Top of WORKING DATA
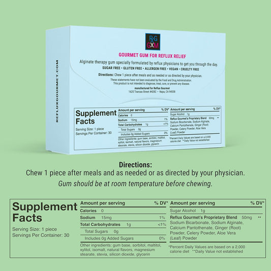 Natural Reflux Relief Gum with Ginger, Celeriac, and Aloe - Acid Reflux Therapy for Oral and Digestive Health - Vegan, Sugar-Free, Gluten-Free Gut Support
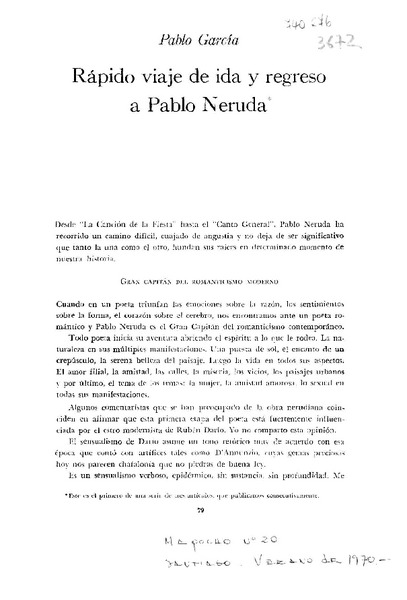 Rápido viaje de ida y regreso a Pablo Neruda [artículo] Pablo García.
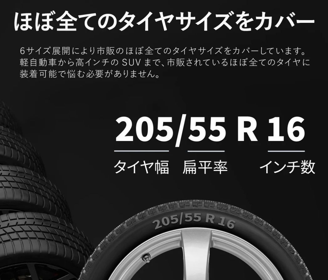 ※ 間違ったサイズ、誤った装着、制限速度(時速50km以下)を超える走行、空転、無理な運転作(急発進、急ハンドル、急プレーキ、同方向への繰り返しの旅回)などの誤ったご使用による商品の破損については返品交換等の対応は致しかねますのでご了承ください。また、これらの誤った商品のご使用による車体への傷、事故、財産損害、人身傷害等については一切の責任を負いかねますのでご了承下さい。予告なしに仕様変更する場合があります。
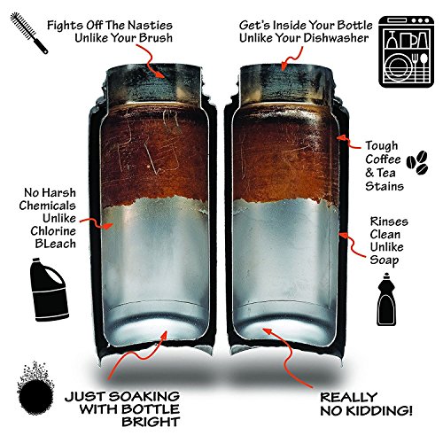 WASH WHILE YOU SLEEP - Cleans in 15-30 minutes or for tough stains, use hot water and let stand for 1-8 hours. Only requires warm to hot water to clean bottles, caps, lids, straws and bottle exteriors. Even removes old coffee stains and leaves your bottle looking brand new
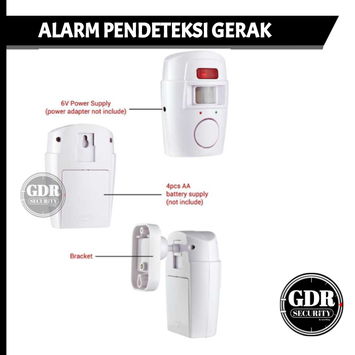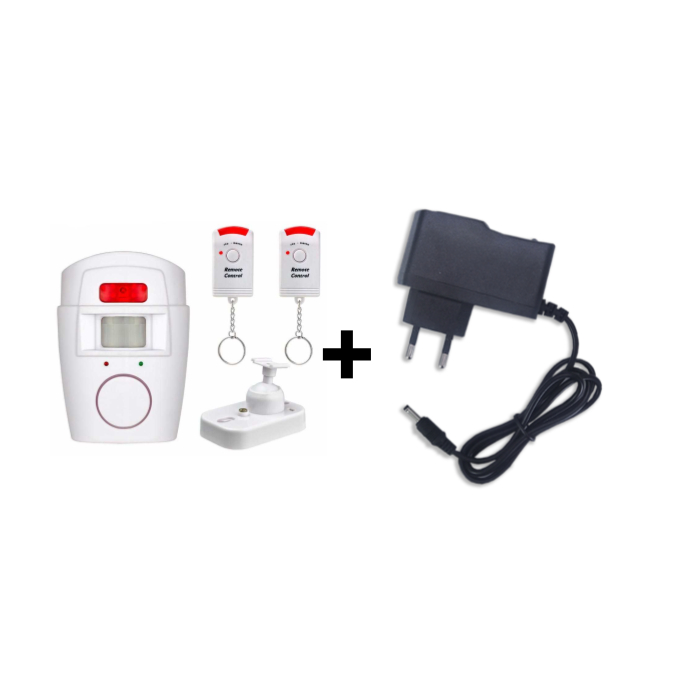 Alarm Anti Maling Infrared PIR Sensor Gerak (bisa +Baterai / +Adaptor), 2 Remote - Putih, Mudah Dipasang, Cakupan Luas TAFFHOME
Bottom of WORKING DATA
# ABOUT THIS EXERCISE:
Copy the data precisely. Skip every picture.

# RESPONSE:
 Natural Reflux Relief Gum with Ginger, Celeriac, and Aloe - Acid Reflux Therapy for Oral and Digestive Health - Vegan, Sugar-Free, Gluten-Free Gut Support
 Rápido viaje de ida y regreso a Pablo Neruda [artículo] Pablo García.
 ※ 間違ったサイズ、誤った装着、制限速度(時速50km以下)を超える走行、空転、無理な運転作(急発進、急ハンドル、急プレーキ、同方向への繰り返しの旅回)などの誤ったご使用による商品の破損については返品交換等の対応は致しかねますのでご了承ください。また、これらの誤った商品のご使用による車体への傷、事故、財産損害、人身傷害等については一切の責任を負いかねますのでご了承下さい。予告なしに仕様変更する場合があります。
 WASH WHILE YOU SLEEP - Cleans in 15-30 minutes or for tough stains, use hot water and let stand for 1-8 hours. Only requires warm to hot water to clean bottles, caps, lids, straws and bottle exteriors. Even removes old coffee stains and leaves your bottle looking brand new
 Alarm Anti Maling Infrared PIR Sensor Gerak (bisa +Baterai / +Adaptor), 2 Remote - Putih, Mudah Dipasang, Cakupan Luas TAFFHOME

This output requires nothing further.